The Sugarloaf Mountain and Urca Hill Natural Monument (Monumento Natural Dos Morros Do Pão De Açúcar e Da Urca) is a natural monument in the city of Rio de Janeiro, Brazil. It protects the Sugarloaf Mountain and the adjoining Morro da Urca, distinctive landmarks of the city.

==Location==

The Sugarloaf Mountain and Urca Hill Natural Monument has an area of 91.5 ha.
The monument is located in the neighborhood of Urca, near where the first settlement of the city of Rio de Janeiro was made.
Attractions include the "Bondinho" cable car ride, inaugurated in 1912, Cláudio Coutinho Track (with information boards about the geology and ecology) for running or walking, the Morro da Urca trail with views of Corcovado, Copacabana, Botafogo and Guanabara Bay, and many rock climbing routes.

==Geology==
The two peaks are typical outcrops of augen gneiss, the same gneiss that forms the steep rock walls of the city. Kinzigite gneiss, less resistant to weathering, is present in the depression between Urca Hill and Sugar Loaf. The augen gneiss represents a deformed and recrystallized porphyritic granite that intruded into the kinzigite. These metasedimentary rocks are Mesoproterozoic to Neoproterozoic in age.

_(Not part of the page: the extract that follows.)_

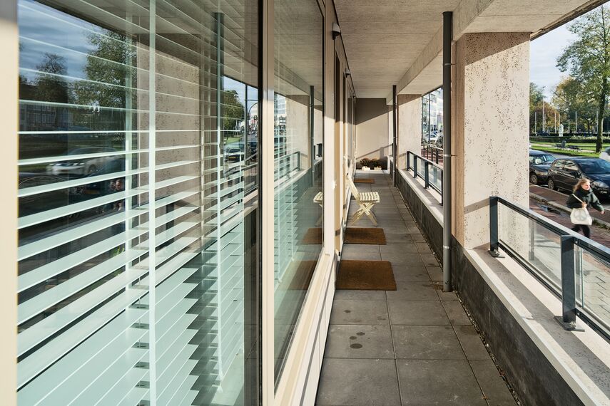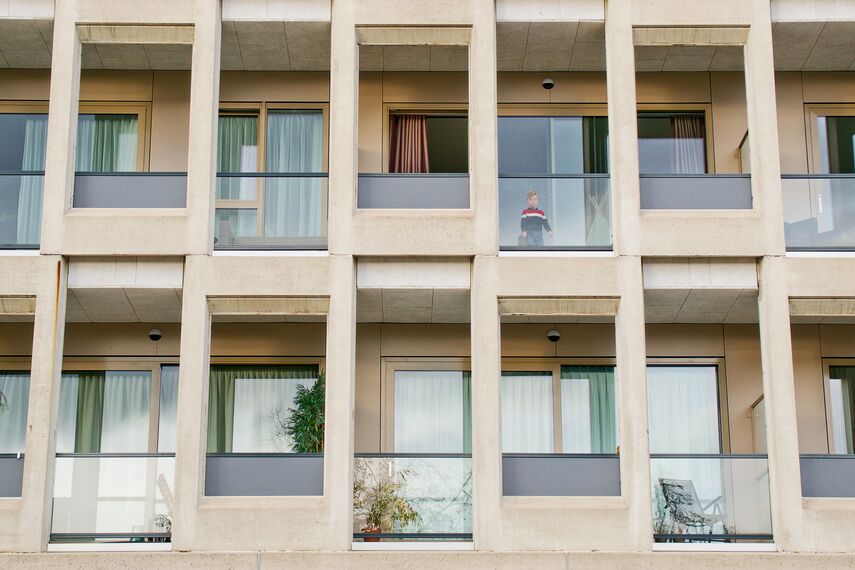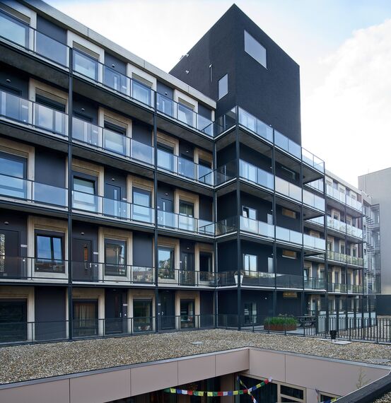 On the ground floor, there are five patio homes, which are closed at the front and open at the back. The patios are sunk into the old office roof and placed in such a way that there is maximum light, while the view from the apartments above is minimized. The noise nuisance from the railway at the rear is also limited by the sheltered location of the patios. The patios are covered with panels in the same light color as the aluminum windows, which gives a calm appearance. “You can see that residents have hung up lights and placed planters. They feel invited to make the building their own. ” Jansbuitensingel offers a diverse range of housing that suits the inner-city living environment of Arnhem, which is no longer the reconstruction city of yesteryear but a popular place to live. This requires dynamic and diverse housing typologies. By leaving the functional parts of the building intact, such as the floors, columns, and outer wall, the houses can be offered for attractive rents. At the same time, the spacious patio houses also provide for the higher segment. By enlarging an existing quality - a characteristic grid facade - the building acquires the recognisability that suits a residential complex. “You can see the building from afar in the street. That gives the residents a sense of individuality, which hopefully makes them think: that is my home. ” An outdated office building has been upgraded into a contemporary residential complex that fits seamlessly into the inner city fabric. Moreover, it meets modern energy requirements through the smart placement of solar panels on the roof. It is not disguised that this is an existing building that is getting a new lease of life. By making smart use of the existing potential, worn-out architecture has been elevated to an efficient yet attractive residential building. Light and noise standards have been met by making optimal use of the open facade structure. Indeed, a successful case study for inner-city transformation.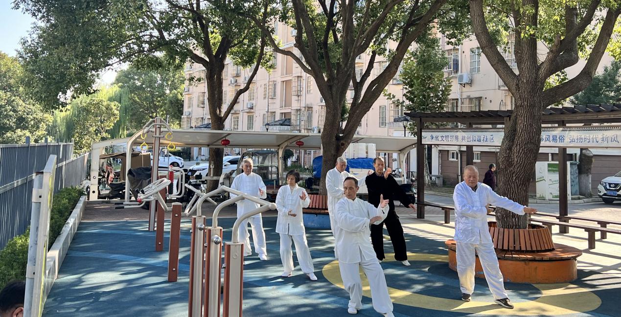最近,淞泽社区里新打造的连心健身角,成了老人晨练的乐园。微风中,几位老人身着素雅练功服,正缓缓打着太极。动作行云流水,刚柔并济,一招一式间,尽显岁月沉淀的从容。

These Coastal Massifs form the eastern portion of Guanabara Bay.

==History==

The city of Rio de Janeiro was founded near to the Sugarloaf Mountain, then an island, on 1 March 1565.
The site was chosen to guard the entrance to Guanabara Bay, and the mountain was important as a signalling point.
A landfill connected the island to the mainland in 1697, and various buildings were erected to defend the territory, but the Urca urban neighborhood was only built 300 years after the city was founded.

The Sugarloaf Mountain and Urca Hill Natural Monument was created by the city of Rio de Janeiro by municipal decree 26578 of 1 June 2006.
The objectives are to guarantee green spaces for leisure in a natural area, and to conserve, protect and recover the existing Atlantic Forest ecosystem and landscape.
The consultative council is chaired by the Municipal Environmental Secretariat, which administers the monument.
The natural monument is part of the Carioca Mosaic, created in 2011.
The monument became part of a World Heritage Site declared by UNESCO in 2012.
The management plan was published in October 2013.